Sunday, August 1, 2010

Creativity, Spaces, Moving On..!

The house is very quiet -- no photographs to post, though that won't be true for much longer. We are going to move the fiber studio out of its 'birthplace,' so to speak, into new quarters about five miles away in another community to the northeast of Grosse Pointe, Michigan (St. Clair Shores). And I'm feeling oddly meditative, as if the occasion is somehow about more than just packing and unpacking a bunch of yarn, needles, hooks, buttons.

What is it about particular spaces that makes us want to create new things? Why are some spaces more conducive to creativity than others? And why do some of us (not everyone, I dare say -- which is no insult) care about such things to such an extreme degree? Why have I, for example, always fashioned new spaces as if my life literally depended on it, choosing paint colors, fabrics, furniture locations -- even when money was in short supply -- over many weeks' time, feeling my way along as the space came together, tinkering with it long after I'd settled in?

Private spaces, in my estimation, should be havens away from the rest of the world, retreats, quiet and harmonious.....which is why I moved from the beautiful townhouse I once owned not a mile from this house.
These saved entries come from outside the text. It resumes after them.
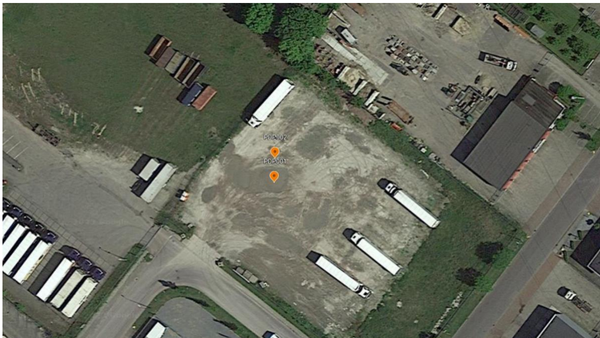
Figuur 2 locatie metingen

Als reactiekracht is een dumper van circa 20 ton gebruikt waarbij het frame als steunpunt is gebruikt.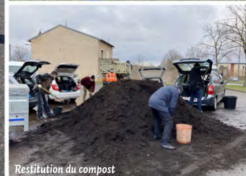
Restitution du compost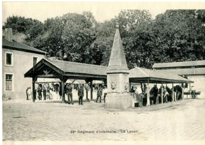
Imagen 5. Fuente y lavadero de la Caserna Thiry.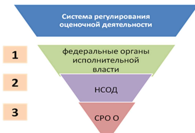
Рис. 3. Регулирование оценочной деятельности

Законом об оценке проведена четкая грань между тремя уровнями системы регулирования оценочной деятельности и строго разграничены полномочия в этой сфере (рис. 3).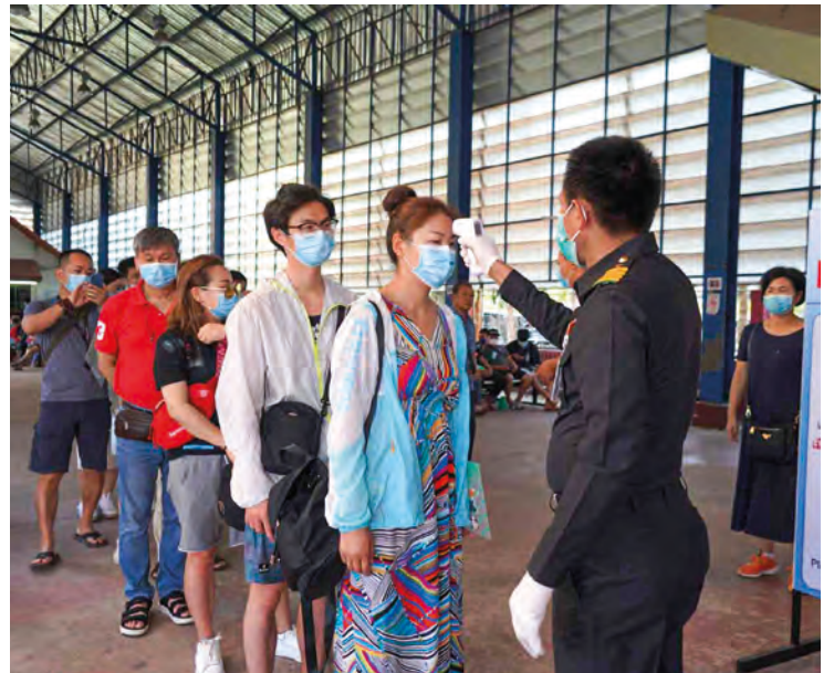
Også i Kambodsja rammer korona først og fremst indirekte.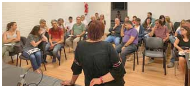
Dpto. Villa Constitución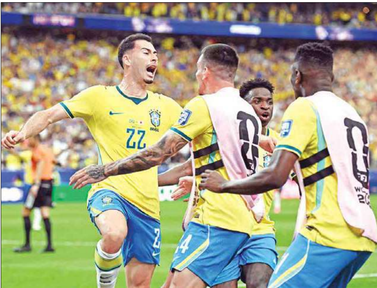
জাপানের বিরুদ্ধে দ্বিতীয়ার্ধের সংযোজিত সময়ে গোল করে ব্রাজিলের জয় আনলেন গ্যাব্রিয়েল মার্টিনেল্লি (২২)। হিউস্টনে সোমবার।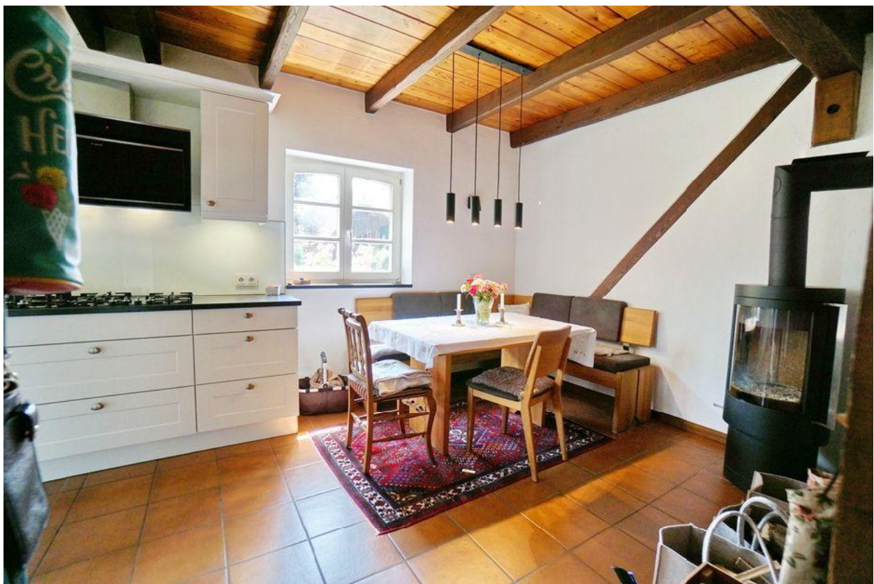
Küche mit Kaminofen

There was a horrible woman next door who shrieked profanities at her son all day long, all night long, and it disrupted the sense of calm that I'd spent so much time cultivating in the house. I see, in retrospect, that I always create a soft, comparatively neutral background and pop colors off of it -- as with the present place, with its gray-green walls and earth tones, including spots of madder red. Men sometimes do this, too -- so its not only that I'm female -- I don't want to hear nonsense about how women are "natural" nesters, "natural" mothers....unless my first husband also was a "natural" mother. The second spouse loves small, cozy spaces that make him feel protected. At last check, he wasn't a "natural" mother either. In such spaces, people like us can write, knit, design, raise animals who genuinely display affection, reach out to whatever life-forces actually exist in the universe.....

But what about public spaces? As I think about the old and new studio spaces, it's clear that I wanted women's labor to really show. So I painted the walls a thick-cream color and let the colors SING for people when they walked in the door. There is a good, big seating area with cushy chairs and a loveseat and a coffee table and a big, black Ikea dining table with red chairs.......and there, as if by magic, people teach each other about what loops of wool will do when they're pulled through yet more wooly loops, when they are wrapped around crochet hooks, when they're made into a fabric and run through a washing machine or steamed or simply molded into beautiful shapes.

Best, I think, to let a warming, harmonizing container RECEDE so that the contents, the subject of the space -- whether it's hand-crafted wool or books or artworks -- can rise to meet whoever comes in. At Artisan Knitworks, the makers themselves rule the day -- the amazing women who put wool into dyepots, who pressed clay into buttons, who carved wood into shawl sticks -- and so the idea is to let them sing without any kind of background noise....as at home, where books and wool and the grand piano hold center stage, invisibly supported by watery gray-green.

I will take photographs of the new space and follow it along. Right now, it's a cacophony of primary colors -- a really unhealthy-feeling mixture of harsh purples, reds, blues, greens, yellows, with a dreadful burgundy tweed carpet. I'd like to rip the carpet out, but replacing it (I'd stain the cement and put gloss on it) has to wait until more money appears. So the idea will be to cream up the 16-foot, loft-like ceilings and walls so that they can welcome and celebrate the makers and encourage new artisans as they walk in the door, sit, talk.

More later. I need to do some academic work right now, go to the studio for a class, and sink back into the problem of making a new space later tonight. I'd love your thoughts as to why some spaces generate creativity and others do not. In the place as it is, I'd be astonished if anyone could think even one original thought.